In March, I moved from a web development project in Java to one in ASP.NET. It was a good opportunity to get some more experience and more responsibility, and I had been on the old project two years.
So here I am, programming in Microsoft Visual Studio 2005. And let me tell you, it’s a piece of crap. It continues in the long Microsoft tradition of assuming that users are stupid. Go search for solutions to problems in .NET. Almost every single tutorial relies heavily on the Visual Studio GUI.
A good analogy here, for those of you who aren’t coders: Remember back in school when you were learning math? You probably learned how to do long division on paper, and you probably hated it. If you’re like me, you no doubt complained about it. Later, you got to use a calculator, and then things were more or less okay.

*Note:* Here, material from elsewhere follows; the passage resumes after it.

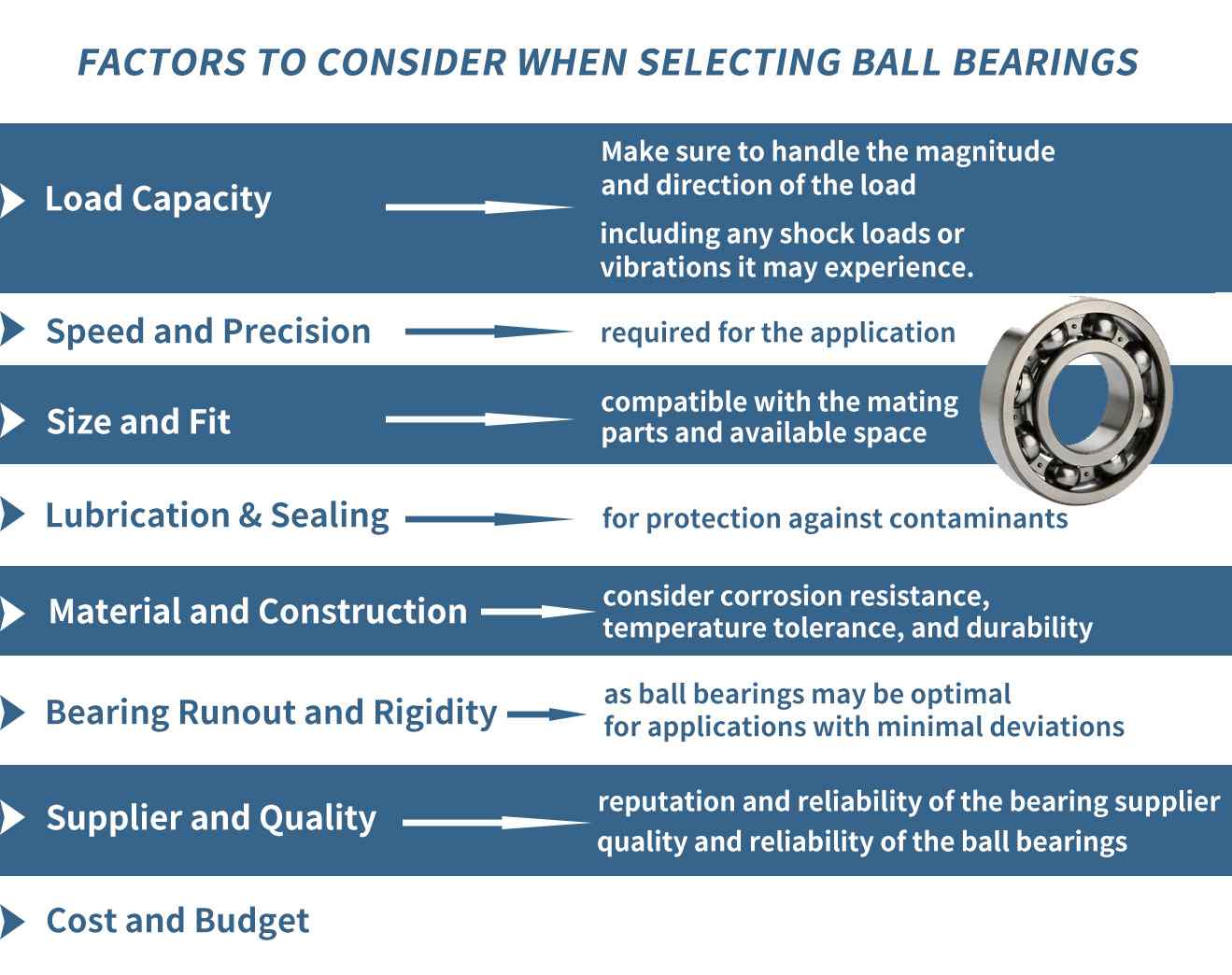 在選擇滾珠軸承時(shí),必須考慮負(fù)載能力、速度和精度要求、尺寸和配合兼容性、潤(rùn)滑和密封需求、跳動(dòng)和剛度公差、材料和結(jié)構(gòu)對(duì)環(huán)境的適用性等因素(見(jiàn)下圖)。有關(guān)更多詳細(xì)信息,請(qǐng)參閱下圖。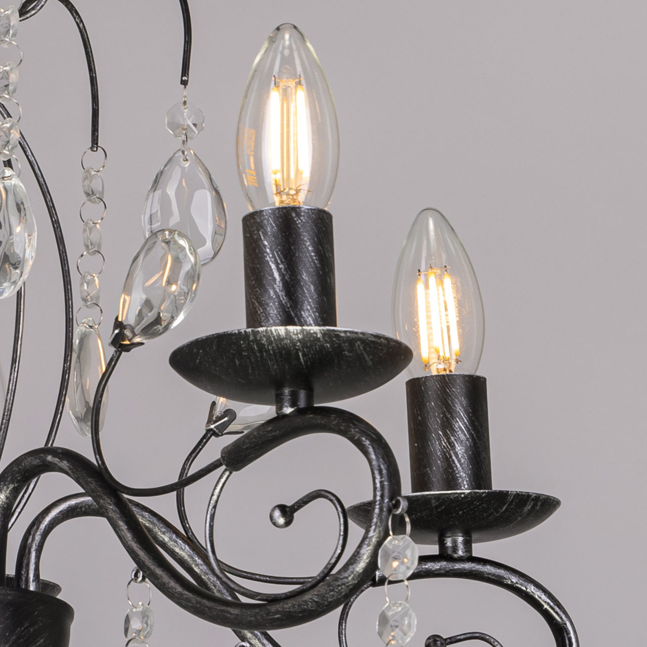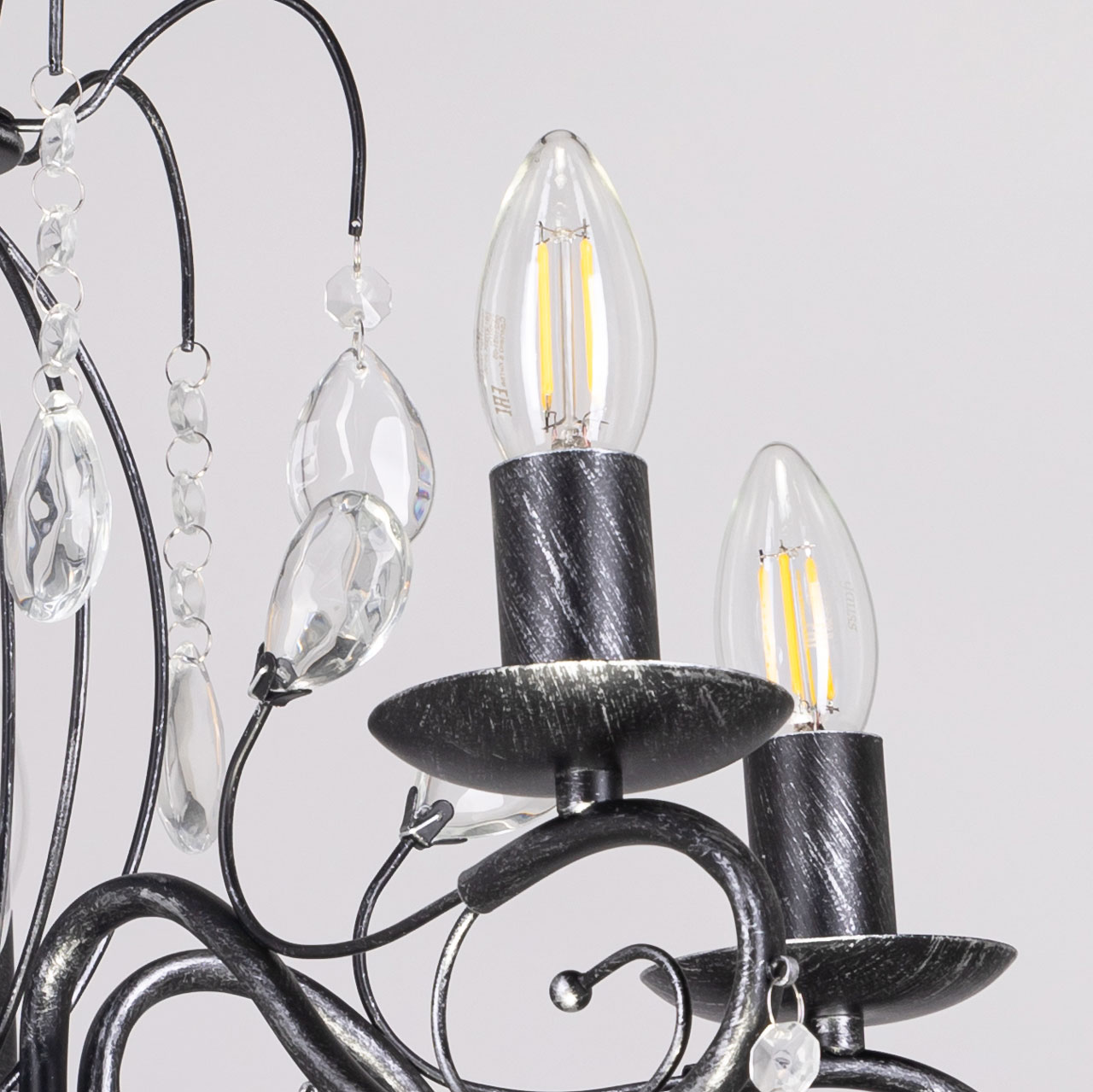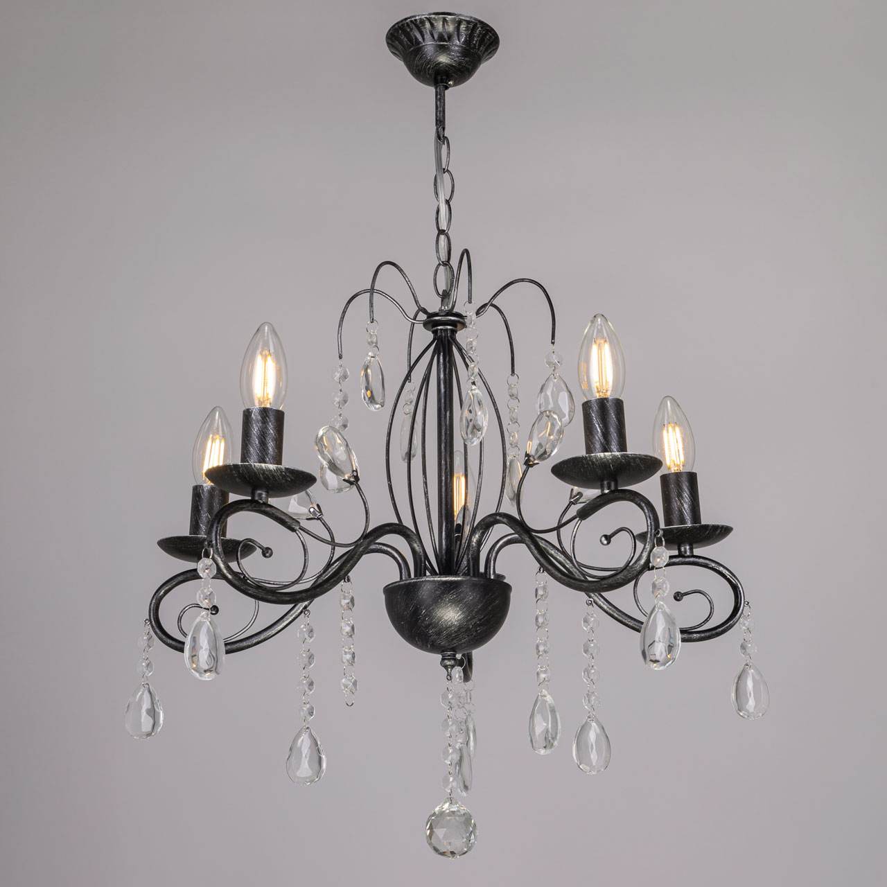 Металлическое основание светильника окрашено в черный цвет и обработано по технологии хай-лайт в серебряный цвет. Светильник декорирован стеклянными подвесами миндалевидной формы и хрусталем в форме шара.Характеристики

Imagine, however, that you had never been taught long division. More than that, you were never even told that long division even existed. Instead, you were handed a calculator and told that division means hitting one number, then the division button, then another number. Not that doing that would tell you the answer, but that doing that was what division was. It wasn’t a shortcut, a convenience. It was division.
Sure, you’d have the answer. You’d be able to divide any number by any other number. But you wouldn’t understand division.
This is what Visual Studio does. It assumes that, if you end up with a working web page, then the fact that you have no idea how you got there is not important.
Now, I don’t mean to say that Visual Studio doesn’t have a lot of nice features that save you time. I use the code completion features all the time. But seriously, Microsoft. Stop treating me like an idiot.